Telix Pharmaceuticals has snagged two ex-Macquarie bankers to help it launch onto the ASX.

Kevin McCann, who is currently chairman of IT services company Citadel Group and counts chairs of Healthscope and Origin Energy in his resume, joined the board this week.

And Alan Moss, who co-founded Macquarie Group and led it for 15 years until 2015, is one of seven major shareholders after an $8.5 million seed funding round.

“Until January it was just founders, my cofounder [Andreas Kluge] and myself, financing the cost of putting the company together,” CEO Dr Chris Behrenbruch told Stockhead. “We’re all experienced entrepreneurs and have reasonable resources.”

He says that while they’re “looking at a variety of funding options” to keep pushing forward a pipeline of drugs, they wanted someone who knew the ins and outs of capital markets.

Telix, which only launched in 2015, is contemplating a float to raise $50 million at 65c a share before the end of the year, giving it a valuation of $130 million.

The company is pre-revenue but is bringing a late stage pipeline of cancer drugs and diagnostic products to the market, based on radiopharmaceuticals or molecularly-targeted radiation (MTR).

Dr Behrenbruch says they bought up technology from academics and small drug companies to manufacture and commercialise radioactive drugs to diagnose and treat cancers.

The prostate and brain therapies are still only at Phase I and II trial stages.

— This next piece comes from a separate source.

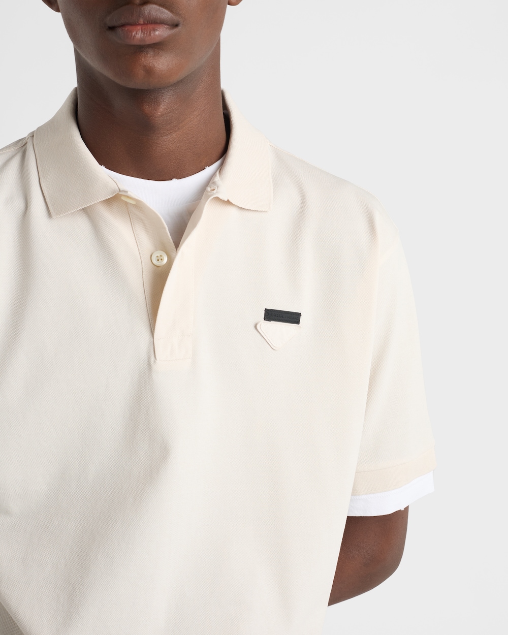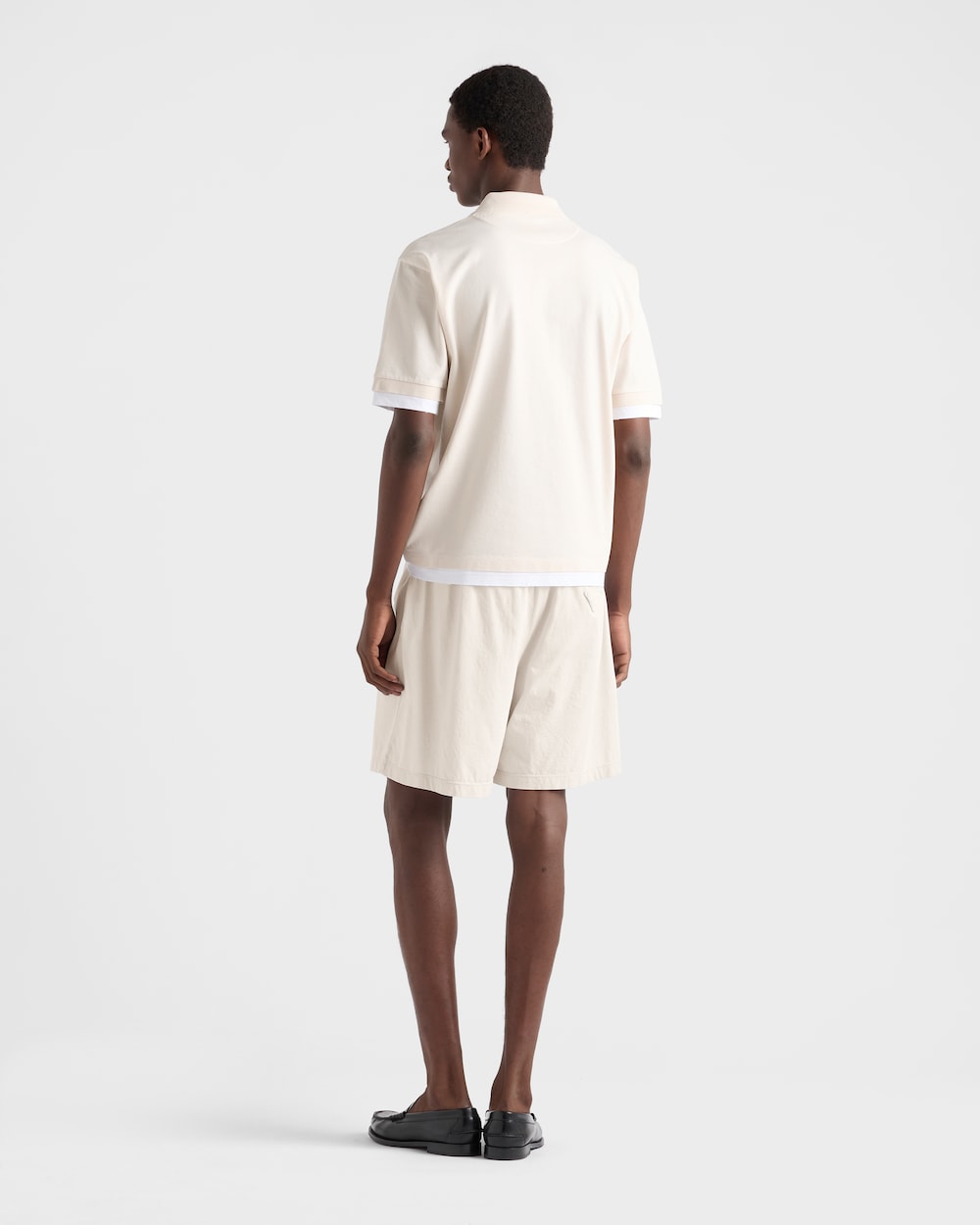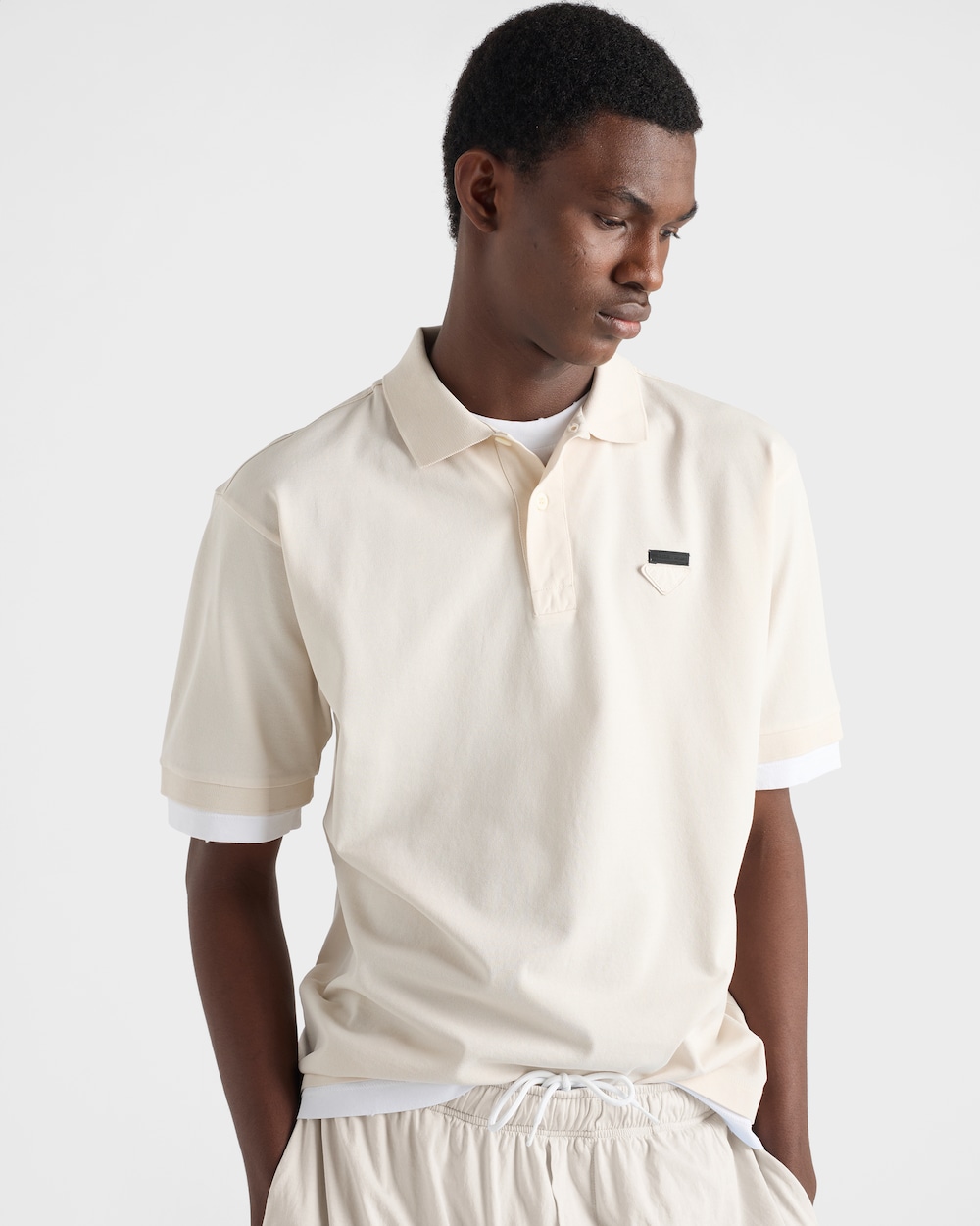 コットンポロシャツは、クラシックなシルエットにスポーティで現代的な魅力を加えるレイヤードデザインで再解釈されています。ボックスシルエットの半袖スタイルに、コントラストの効いたジャージーのディテールを加え、象徴的なファブリックのトライアングルロゴで装飾されています。

The kidney diagnostics technology is the most advanced. It has finished a Phase III trial and has been asked to do a second version for the US FDA.

Dr Behrenbruch says this drug, if successful, could start making Telix money within two to three years.

It’s this kind of immediacy that he thinks will be attractive to investors.

Acorn Capital, CVC, Monash Investors and Viburnum Funds joined Moss in that seed round, as did two strategic industry investors.

Dr Behrenbruch and Dr Kluge plan to retain 12.5 per cent each of the company, and while Telix is an Australian company they plan to raise at least half of the sum they are looking for from overseas investors.